The New York Times‘ version of events basically follows St. Raphael’s story. According to the Times, “The minute the Hawaweeny party entered [Mokarzel's house] the fight began. It was rough and tumble in the parlor for a few minutes, and then the combatants went to the street and fought there.” No hour-long meeting in this version. Honestly, I think the Times, rather than the Sun, has it right. Consider the facts:
- It was nearly midnight.
- The Orthodox were on their way to visit an assault victim, Abousamra.
- St. Raphael and his followers believed that assassins were after him.
- There were a dozen Orthodox men, some of whom were armed.
- There were a dozen Maronite men, some of whom were armed.
- The two groups hated each other’s guts.
I say there’s no way in the world, under those circumstances, that a dozen Orthodox men could have approached Mokarzel’s house — full of armed Maronites — and not had an immediate fight. St. Raphael’s story sounds reasonable, and I’m inclined to believe him.
In any event, a moment or an hour after the Orthodox group passed by Mokarzel’s house, a gunfight broke out. Here is how the Brooklyn Daily Eagle (9/19) describes the scene:
It was clearly a pitched battle, for the combatants were dancing about, here and there, taking refuge when they could and again take pot shots at each other. There were others on the street in addition to the combatants, some of hte men from the nearby house of the fire patrol, and Captain Cashman, the head of the fire patrol company. The men of the patrol were gingerly trying to stop the shooting, and when the uniformed policeman appeared ran in with him and put the shooters to flight.
The police officer — a fellow named Mallon – had heard the shots, and bravely rushed into the battle. Police reinforcements soon arrived, and the Battle of Pacific Street finally ended. About twenty shots had been fired, but fortunately, no one died and only two men were injured.

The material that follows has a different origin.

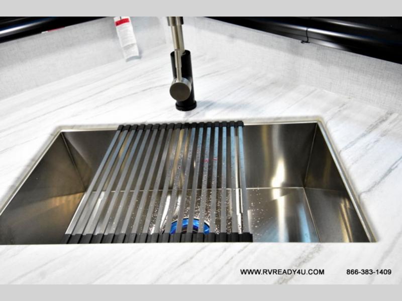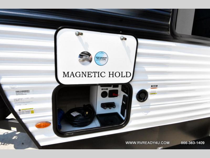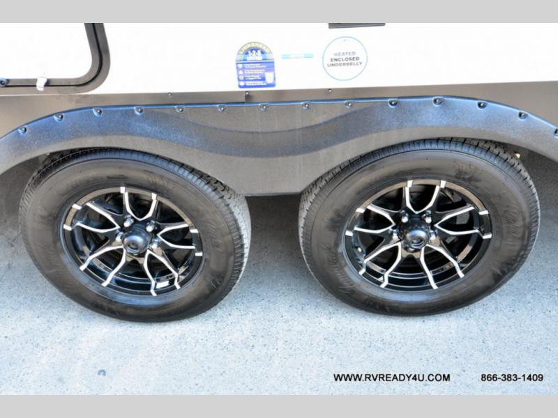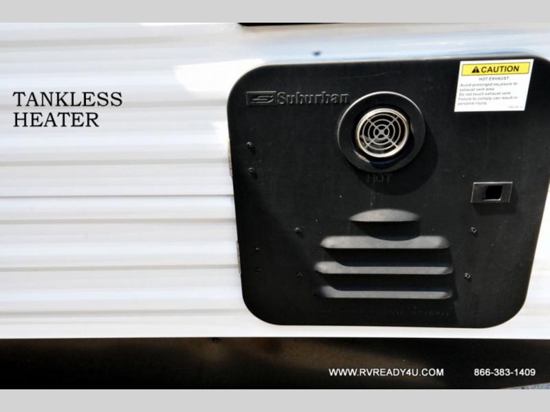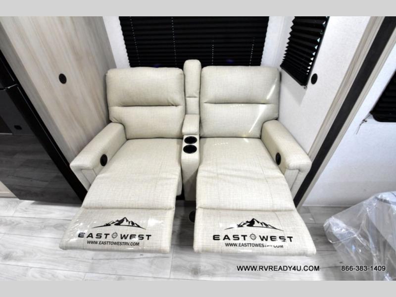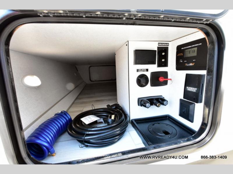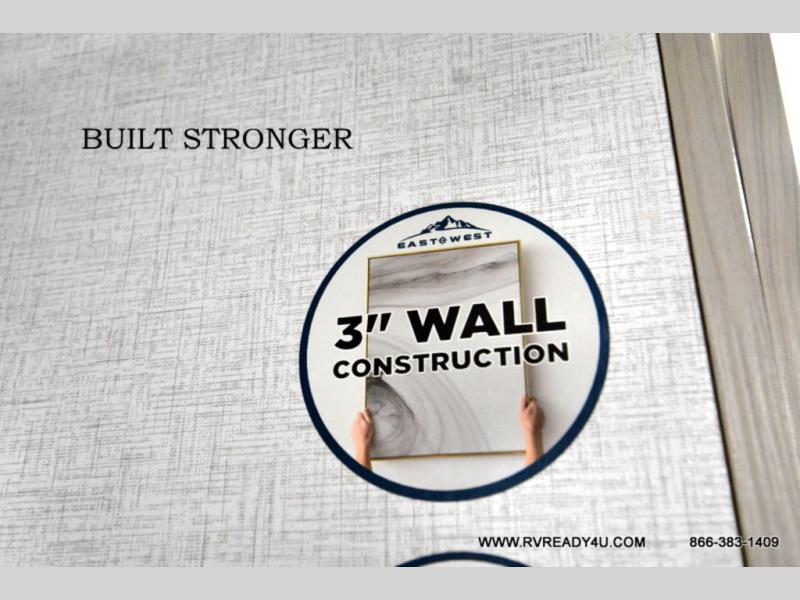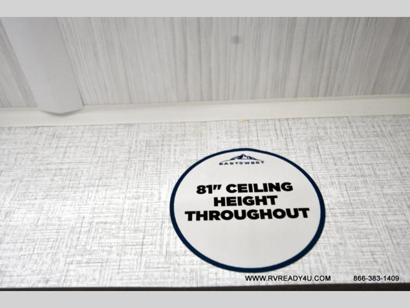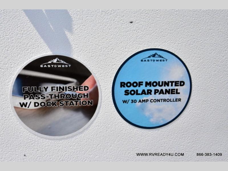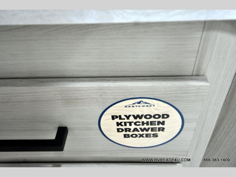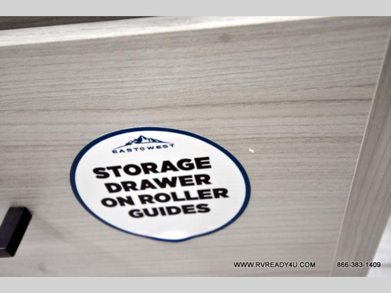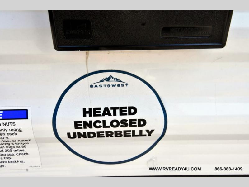 Each Della Terra travel trailer by EAST TO WEST is constructed with an enclosed and heated underbelly and enclosed holding tanks for added protection against the elements. There is also a power tongue jack with an LED light for easy set up and a power awning with LED lights you can rest under after you've unpacked. The Explore Comfort Package comes seamless pressed countertops, kitchen backsplash, window valance package with black night shades, and many more comforts. You will also appreciate the Adventure Outdoor Package with backup camera prep and solar prep, a tankless water heater, an RV grill quick disconnect, and a universal docking station with battery disconnect.

Officer Mallon (whose name has as many spellings as New York had newspapers) saw one of the Syrians “running for all he was worth” (Times) away from the fight, and he chased after the man. As it turns out, this was none other than St. Raphael himself.
Soon enough, Officer Mallon caught up to the bishop and arrested him. According to the officer, St. Raphael brandished a revolver and even tried to pull the trigger. St. Raphael vehemently denied this, and said that he had never even handled a gun in his life, and would never do such a thing. This issue — whether St. Raphael assaulted a policeman with a gun and whether he lied about it afterwards — is so serious and significant that I want to explore it in great detail in another article.

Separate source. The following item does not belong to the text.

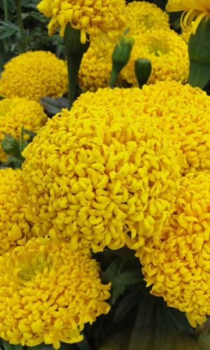 Роскошные, мощные кусты с многочисленными, густомахровыми соцветиями нежного, золотисто-жёлтого цвета, хризантемовидной формы. Бархатцы гармонично выглядят в любых цветниках, прекрасно держат форму (не разваливаются от дождя и ветра), переносят понижение температуры...

Most of the Syrian fighters escaped, but several were arrested and locked in jail. Some women tried to bail out St. Raphael, but the magistrate said that, for the time being, the bishop was safer behind bars than out in public. The physical battle was over, but St. Raphael’s fight for his reputation, and his freedom, had just begun.
[This article was written by Matthew Namee.]
Last week, we left the two New York Syrian camps — Orthodox and Maronite — on the brink of war. Each side’s partisan newspaper attacked the other, and the Maronites took particular aim at St. Raphael, the Orthodox bishop of Brooklyn, accusing him of all sorts of outlandish offenses. Various parties received anonymous threats, and things came to a head in late August, when a Maronite group known as the Champagne Glass Club (CGC) told the police that St. Raphael had called on his followers to use violence against their Maronite enemies.
For the next few weeks, the Syrian community was balanced on the edge of a knife. The war of words continued in the papers, to the point that many Syrian men tried to forbid their wives from reading them. (Whether the wives followed this command is an open question.) The police seemed to think that this was all rather harmless, and even amusing.
That is, until September 15. That afternoon, about 20 Syrian men, representing both the Orthodox and Maronite parties, came to blows in the business center of the Syrian enclave. They were armed with guns and knives, but, thankfully, only one shot was fired, and it missed its target. A policeman bravely rushed into the fracas, breaking up the fight and arresting three men. One of the arrested Syrians, Haiss Nahas, had a slight head wound — the day’s only injury, caused when he was knocked to the ground by Navis Harris. Harris, for his part, claimed that Nahas has fired a shot at him.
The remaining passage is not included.